◆ WHAT YOU SHOULD DO: Restate the whole of the data below word for word, skipping the images.

Segment Start: DATASET EXCERPTS

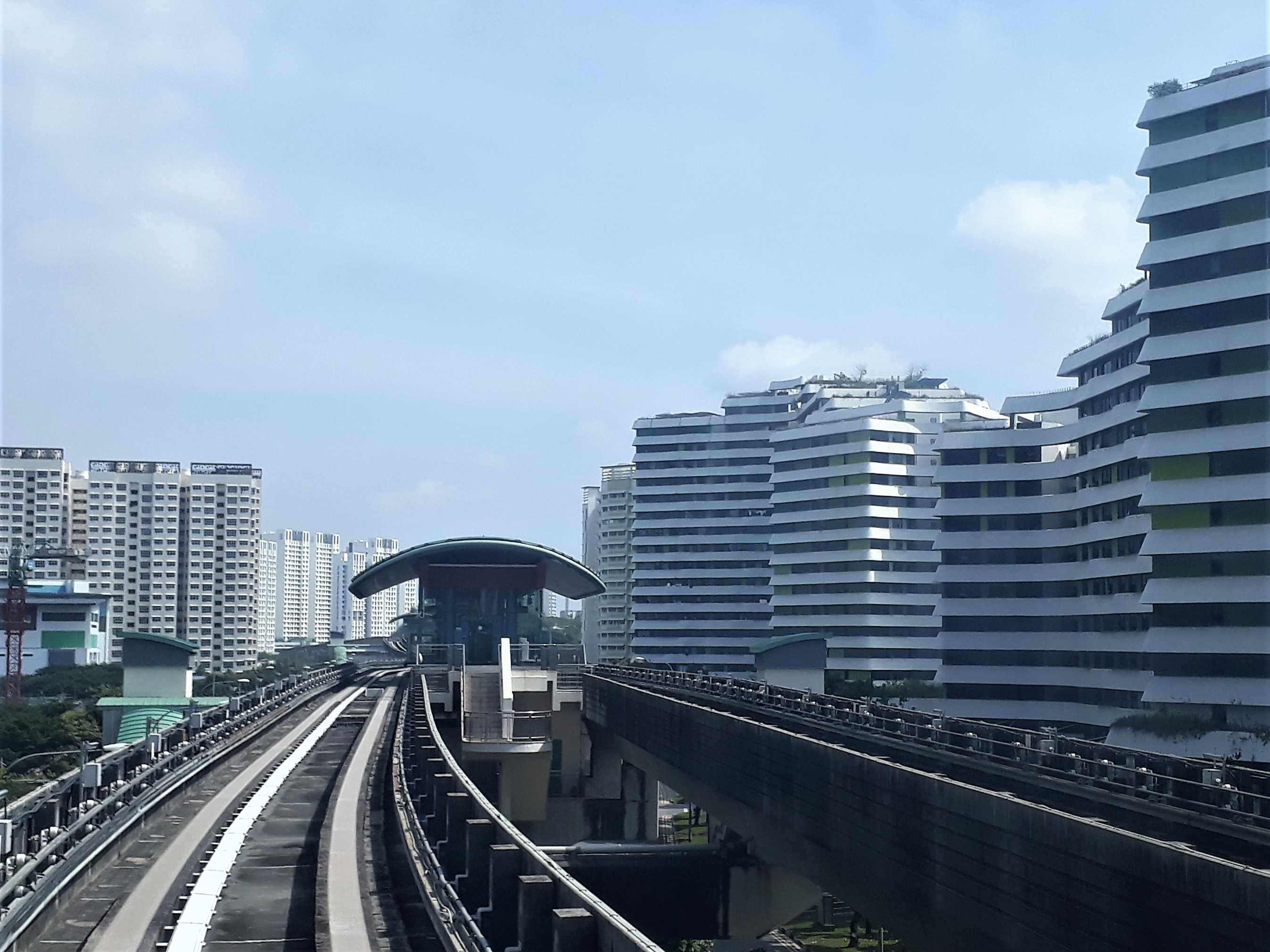 The exterior of Sumang station
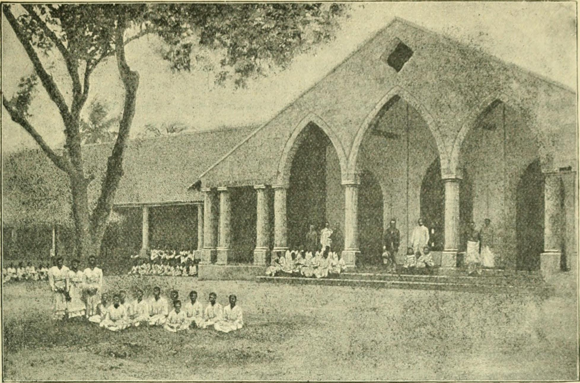 Identifier: sevenyearsinceyl00leit Title: Seven years in Ceylon: stories of mission life Year: 1890 (1890s) Authors: Leitch, Mary Leitch, Margaret W Subjects: Missions -- Sri Lanka Sri Lanka -- Description and travel Publisher: New York : American Tract Society View Book Page: Book Viewer About This Book: Catalog Entry View All Images: All Images From Book Click here to view book online to see this illustration in context in a browseable online version of this book. Text Appearing Before Image: e missionaries and many educated and influential nativeswere present, to the number of 800. The marriage was celebrated in the Manepychurch. I was glad that so many should have the opportunity of seeing a Christianmarriage, and hearing the words of the native pastor and our missionaries. It wasnearly dusk when they left the church, Christian lyrics in Tamil composed for theoccasion, and sung with accompaniment of native instruments, having very pleasantlyfilled up the time. As the bridal party left the church, garments were spread before them the wholeway to their home, an arch of flowers was borne over their heads, a band of musicpreceded them, and the whole company of people accompanied them on foot in thebrilliant glare of torches, blue and red lights, rockets and fireworks, provided by friendsto grace the occasion. We hope that they may have a very happy and useful life, and carry out their intentionof devoting themselves directly to Christian work in connection with this mission. Text Appearing After Image: THE OODOOVILLE GIRLS IIOAKDINC.-SC HCjOL. CHAPTER XIX. Uduvil Girls' Boarding School.
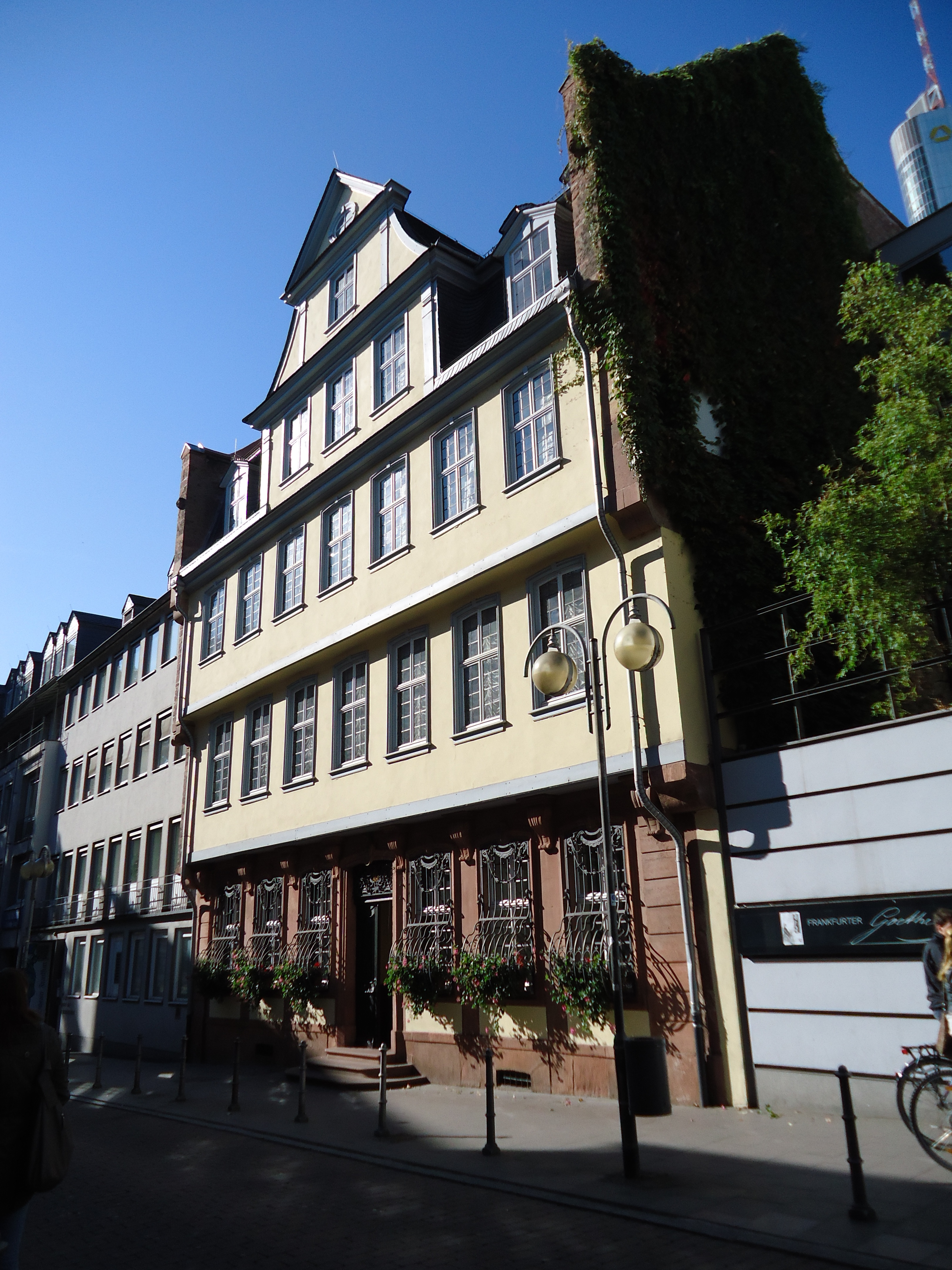 Goethe House in Frankfurt am Main, Germany.
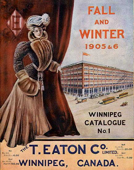 The cover of the Eaton's department store Fall and Winter 1905-6 catalogue. This issue of the catalogue commemorated the opening of the Eaton's store in Winnipeg.
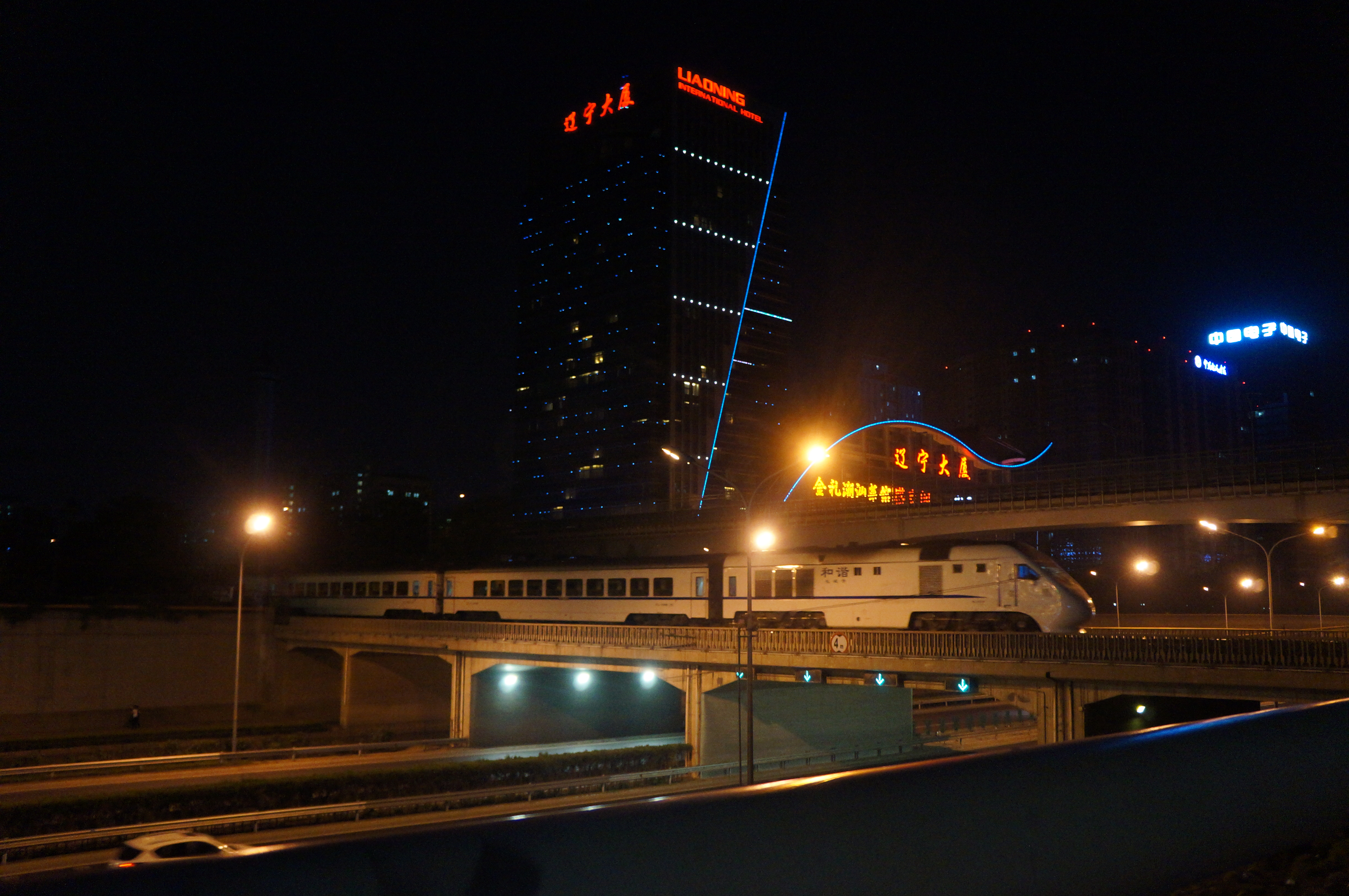 201606 NDJ3 passes over North 4th Ring
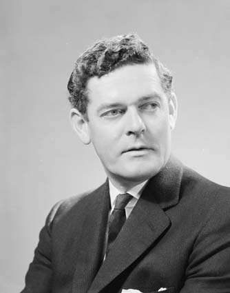 A 1966 black and white portrait of Tom Hughes, MHR for Parkes
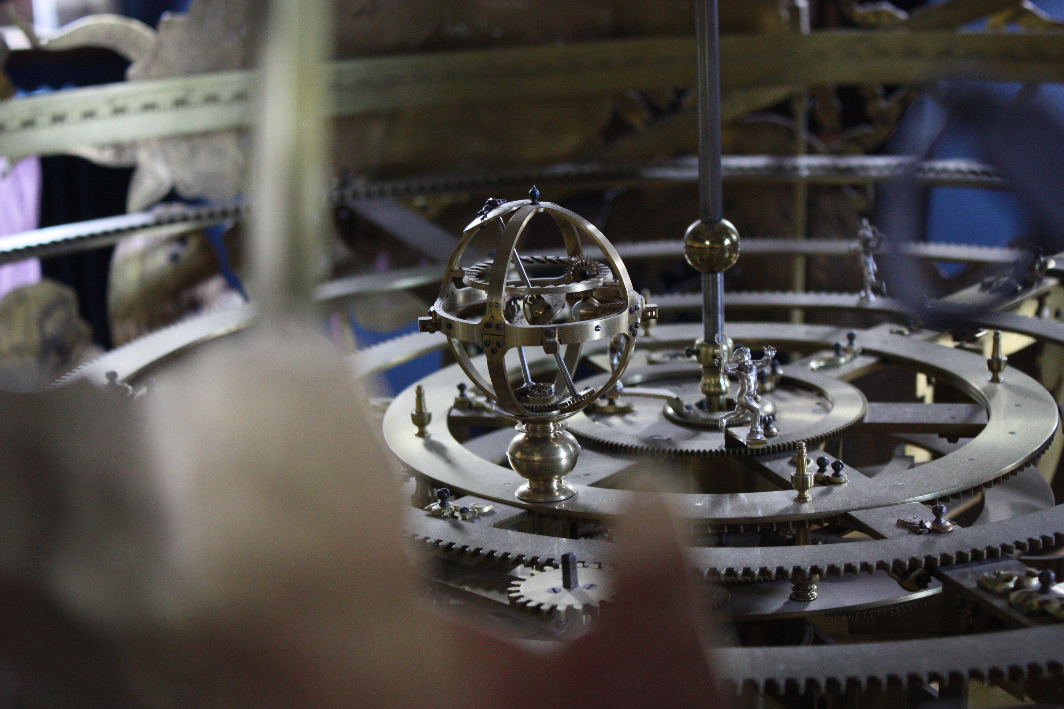 The celestial globe from Gottorp Castle in Schleswig, executed in 1654-57 for Duke Friedrich III of Gottorp by Andreas Bösch of Limburg with the assistance of Adam Olearius, Court Mathematician, Antiquarian, an Geographer. The planets move round the sun according to the Copernican system. The verry small globe above moves according to the Ptolomean system.

Segment End: DATASET EXCERPTS

◆ TASK SOLUTION:
 The exterior of Sumang station
 Identifier: sevenyearsinceyl00leit Title: Seven years in Ceylon: stories of mission life Year: 1890 (1890s) Authors: Leitch, Mary Leitch, Margaret W Subjects: Missions -- Sri Lanka Sri Lanka -- Description and travel Publisher: New York : American Tract Society View Book Page: Book Viewer About This Book: Catalog Entry View All Images: All Images From Book Click here to view book online to see this illustration in context in a browseable online version of this book. Text Appearing Before Image: e missionaries and many educated and influential nativeswere present, to the number of 800. The marriage was celebrated in the Manepychurch. I was glad that so many should have the opportunity of seeing a Christianmarriage, and hearing the words of the native pastor and our missionaries. It wasnearly dusk when they left the church, Christian lyrics in Tamil composed for theoccasion, and sung with accompaniment of native instruments, having very pleasantlyfilled up the time. As the bridal party left the church, garments were spread before them the wholeway to their home, an arch of flowers was borne over their heads, a band of musicpreceded them, and the whole company of people accompanied them on foot in thebrilliant glare of torches, blue and red lights, rockets and fireworks, provided by friendsto grace the occasion. We hope that they may have a very happy and useful life, and carry out their intentionof devoting themselves directly to Christian work in connection with this mission. Text Appearing After Image: THE OODOOVILLE GIRLS IIOAKDINC.-SC HCjOL. CHAPTER XIX. Uduvil Girls' Boarding School.
 Goethe House in Frankfurt am Main, Germany.
 The cover of the Eaton's department store Fall and Winter 1905-6 catalogue. This issue of the catalogue commemorated the opening of the Eaton's store in Winnipeg.
 201606 NDJ3 passes over North 4th Ring
 A 1966 black and white portrait of Tom Hughes, MHR for Parkes
 The celestial globe from Gottorp Castle in Schleswig, executed in 1654-57 for Duke Friedrich III of Gottorp by Andreas Bösch of Limburg with the assistance of Adam Olearius, Court Mathematician, Antiquarian, an Geographer. The planets move round the sun according to the Copernican system. The verry small globe above moves according to the Ptolomean system.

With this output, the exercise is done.